Sunday 1 September 2013

On Haste: Travelling the Road



Travelling down Punt Road on the way to work I heard the screams of an ambulance, and was luckily able to pull out of the far right lane to let it pass, its lights flashing fiercely. But it didn’t get far. Five or six vehicles shifted out of its way, but then it was blocked in on three sides by chunks of traffic, that was stopped at lights and unable to find spaces to allow it through. As the lights changed it would gain a little, only to be halted again a few cars later on.
            Was it going to or coming from an accident?

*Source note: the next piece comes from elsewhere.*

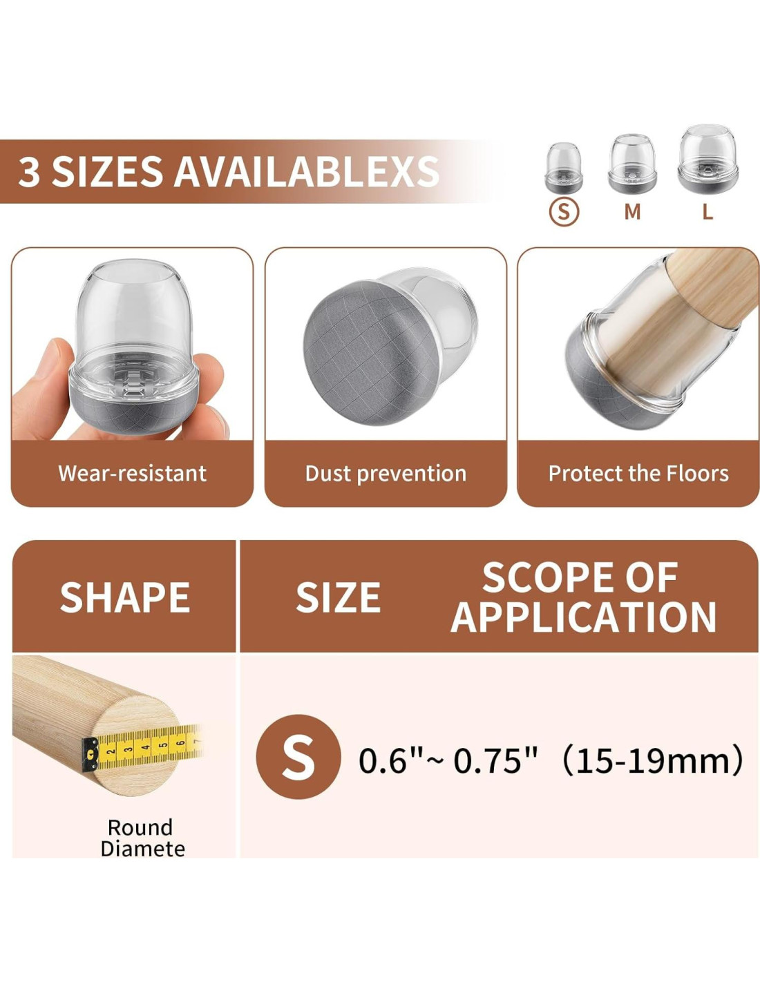 - [Rango de Tamaño] - Incluye 24 tapas de silicona de tamaño S redondas para ajustarse a un diámetro redondo de 0.6" a 0.75" (15-19mm). Asegúrate de medir las patas de tu silla antes de ordenar estas.

By the time I reached the top of the hill at South Yarra I could see it below, still hindered, apparently heading for the hospital. Its back windows had been painted with an appeal for the paramedics’ pay rise, and I noticed that several times under our stop-go regime the opposite side of the street held no oncoming traffic, but the ambulance never was tempted to cross the double line.
            What is haste? How frustrating it must be, in a life or death situation, to be held up by road rules, and the frailty, bewilderment, and inflexibility of the general public behind the wheel of a car. Nothing seems to be happening fast enough.
            Slowness, it’s said, comes from God, and haste from the devil. Would taking the time to think have allowed some of this traffic to move aside, like a shoal of fish — even into a side street or a driveway — to make a way for this ambulance? Or was the lack of a collective mind and its values the holdup? Speed is a resource of time, but the scarce resource here was space.
            Both space and time belong to God: we only think we count them and allot them. Your resources are not your resources, although there are more of them than you may suppose. Sometimes they could well be combined with others to make a more godly path for those in need to travel.